=== Begin Enclosure ===

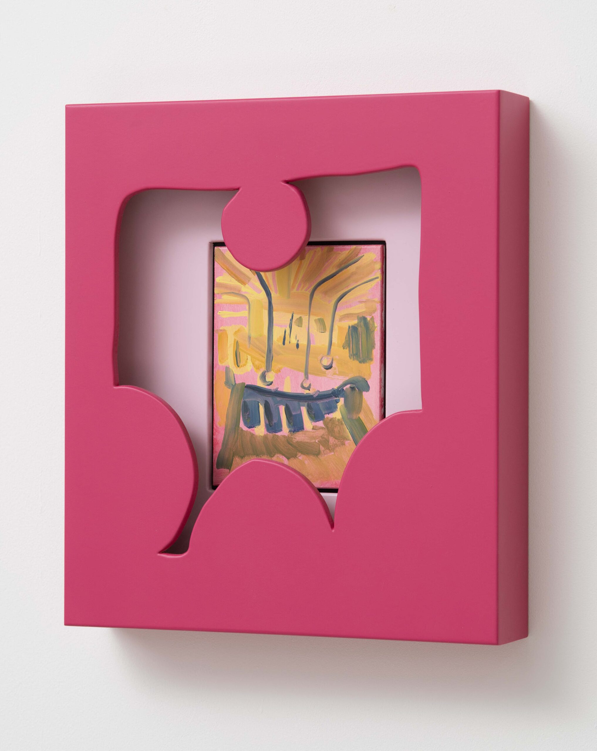 La ricerca di Ian J Brown prende forma a partire da una rilettura in chiave contemporanea dei Teatrini di Lucio Fontana, attraverso l’impiego di cornici sagomate che accentuano la profondità spaziale e attivano un dialogo dinamico tra pittura, scultura e architettura. Queste soglie diventano dispositivi visivi capaci di trasformare la superficie pittorica in un palcoscenico in cui si intrecciano dimensioni interiori ed esteriori, psicologiche e sociali.
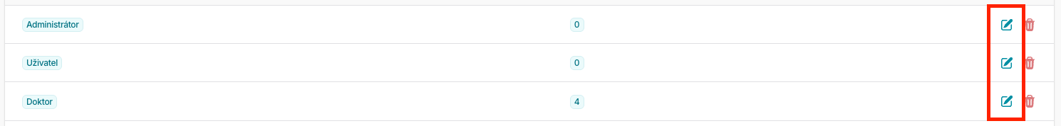 Na stránce Uživatelé se přepněte do sekce Role. Následně u role, kterou chcete upravit klikněte na ikonu tužky.
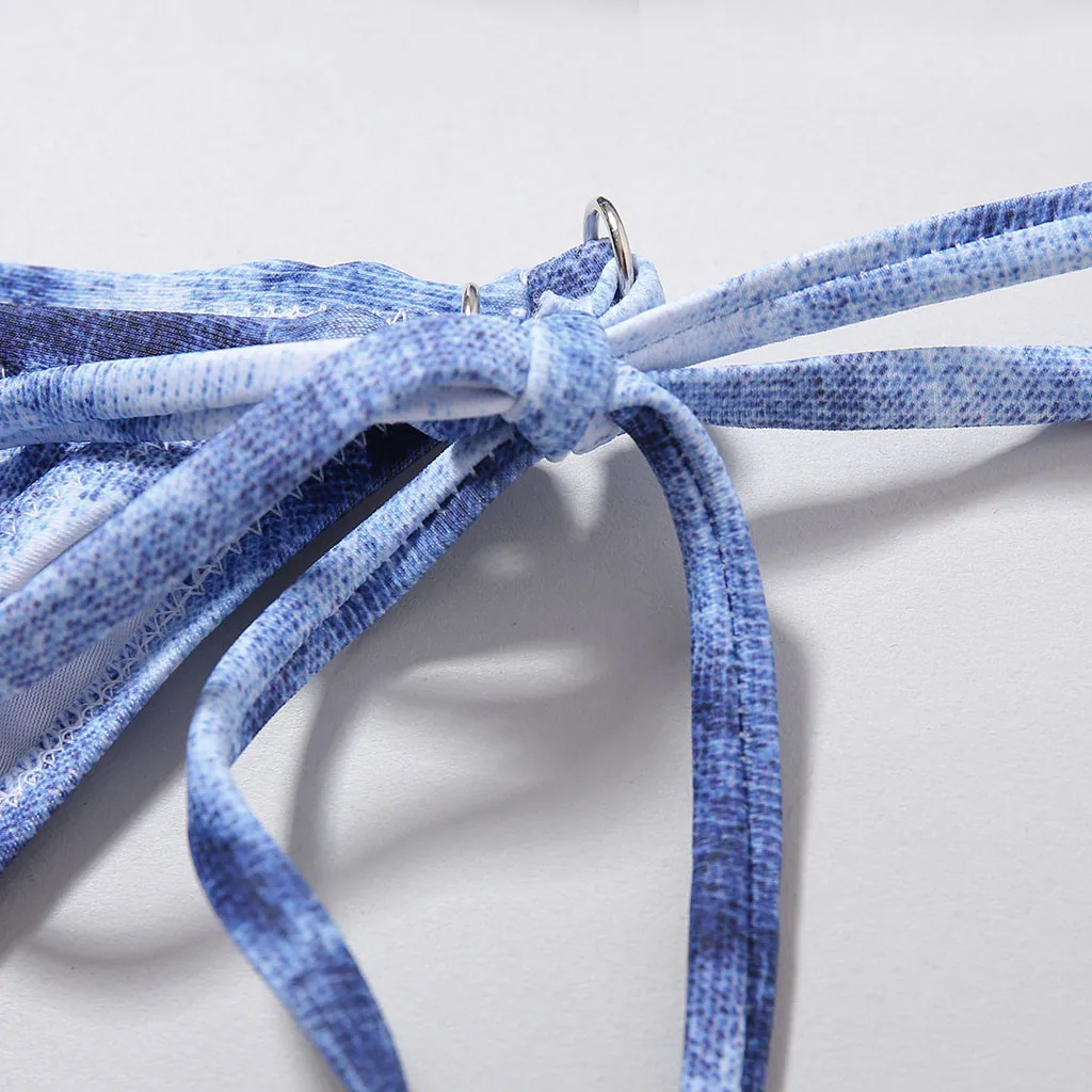 Отзывы о Женский купальник-бикини с высокой талией без бретелек сексуальный принтом Tie-Dye

=== End Enclosure ===

The data above must be given back verbatim, minus its images.

 La ricerca di Ian J Brown prende forma a partire da una rilettura in chiave contemporanea dei Teatrini di Lucio Fontana, attraverso l’impiego di cornici sagomate che accentuano la profondità spaziale e attivano un dialogo dinamico tra pittura, scultura e architettura. Queste soglie diventano dispositivi visivi capaci di trasformare la superficie pittorica in un palcoscenico in cui si intrecciano dimensioni interiori ed esteriori, psicologiche e sociali.
 Na stránce Uživatelé se přepněte do sekce Role. Následně u role, kterou chcete upravit klikněte na ikonu tužky.
 Отзывы о Женский купальник-бикини с высокой талией без бретелек сексуальный принтом Tie-Dye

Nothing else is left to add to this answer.